Hello,
I'm trying to come up with a fault tolerant OpenMPI setup for research
purposes. I'm doing some tests now, but I'm stuck with a segfault when
I try to restart my test program from a checkpoint.
My test program is the "ring" program, where messages are sent to the
next node in the ring N times. It's pretty simple, I can supply the
source code if needed. I'm running it like this:
# mpirun -np 4 -am ft-enable-cr ring
...
>>> Process 1 sending 703 to 2
>>> Process 3 received 704
>>> Process 3 sending 704 to 0
>>> Process 3 received 703
>>> Process 3 sending 703 to 0
--------------------------------------------------------------------------
mpirun noticed that process rank 0 with PID 18358 on node debian1
exited on signal 0 (Unknown signal 0).
--------------------------------------------------------------------------
4 total processes killed (some possibly by mpirun during cleanup)
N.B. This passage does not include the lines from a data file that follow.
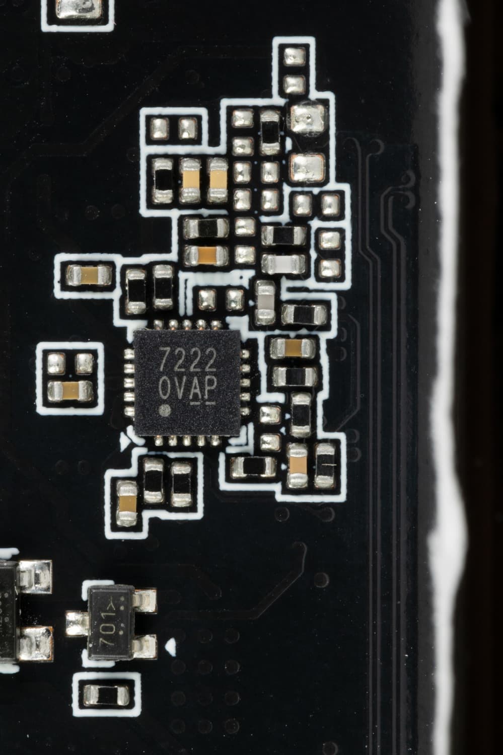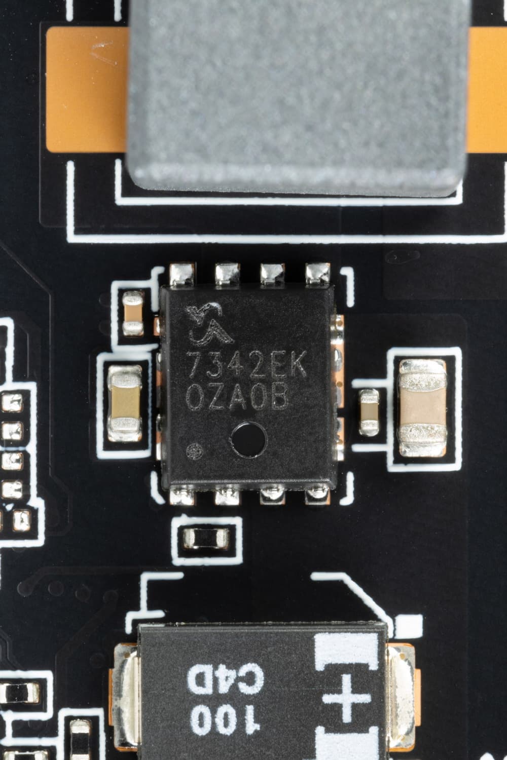 Питанием микросхем памяти управляет ШИМ-контроллер Niko Semi с ОЕМ-маркировкой 7222. Он расположен на лицевой стороне платы.
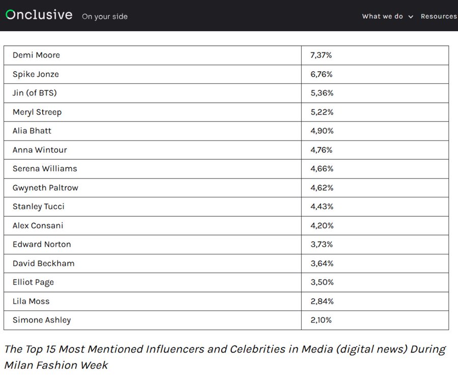 รายชื่อของ อินฟลูเอนเซอร์และคนดังที่ถูกกล่าวถึงมากที่สุด ในงาน MFW
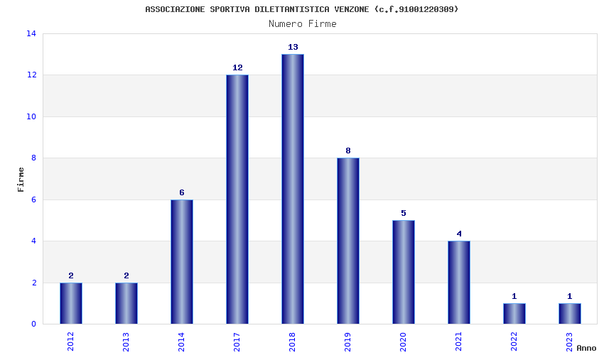 | Anno | Firme | Importi | Media | Naz. | Reg. | Prov. | Comu. |
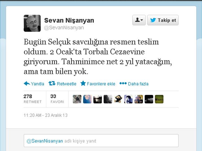 Nişanyan’ın Twitter hesabından teslim olduğunu ve iki yıl hapis yatacağını açıkladı. Nişanyan “Bugün Selçuk savcılığına resmen teslim oldum. 2 Ocak'ta Torbalı Cezaevine giriyorum. Tahminimce net 2 yıl yatacağım, ama tam bilen yok” dedi.
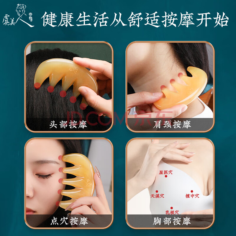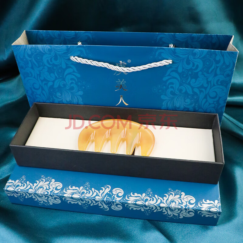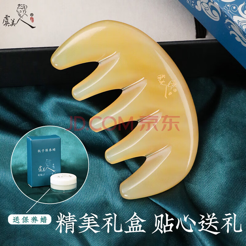 商品相册:虞美人梳子按摩梳牛角梳子经络梳五齿梳送女友生日礼物礼盒第
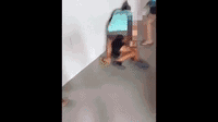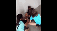 但是说着说着,两名身穿蓝色上衣的女生便开始出手——掌掴、脚踩。
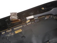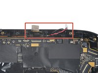 Use tweezers to pull the pass-through camera cable connector out of its slot in the motherboard.
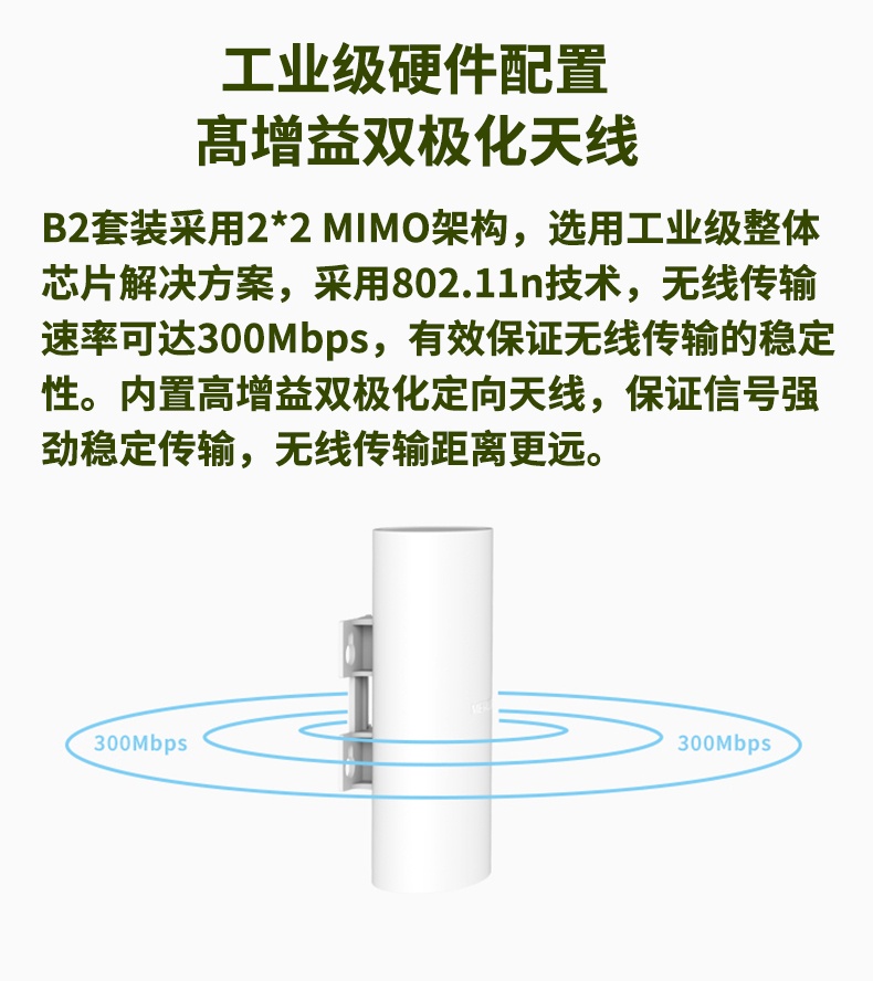 2.4GHz无线高速300M双百兆端口内置高增益天线工业级芯片统一管理软件功率可调供电灵活

That's the output when I ompi-checkpoint the mpirun PID from another terminal.
The checkpoint is taken just fine in maybe 1.5 seconds. I can see the
checkpoint directory has been created in $HOME.
This is what I get when I try to run ompi-restart
ps axroot_at_debian1:~# ps ax | grep mpirun
18357 pts/0 R+ 0:01 mpirun -np 4 -am ft-enable-cr ring
18378 pts/5 S+ 0:00 grep mpirun
root_at_debian1:~# ompi-checkpoint 18357
Snapshot Ref.: 0 ompi_global_snapshot_18357.ckpt
root_at_debian1:~# ompi-checkpoint --term 18357
Snapshot Ref.: 1 ompi_global_snapshot_18357.ckpt
root_at_debian1:~# ompi-restart ompi_global_snapshot_18357.ckpt
--------------------------------------------------------------------------
Error: Unable to obtain the proper restart command to restart from the
checkpoint file (opal_snapshot_2.ckpt). Returned -1.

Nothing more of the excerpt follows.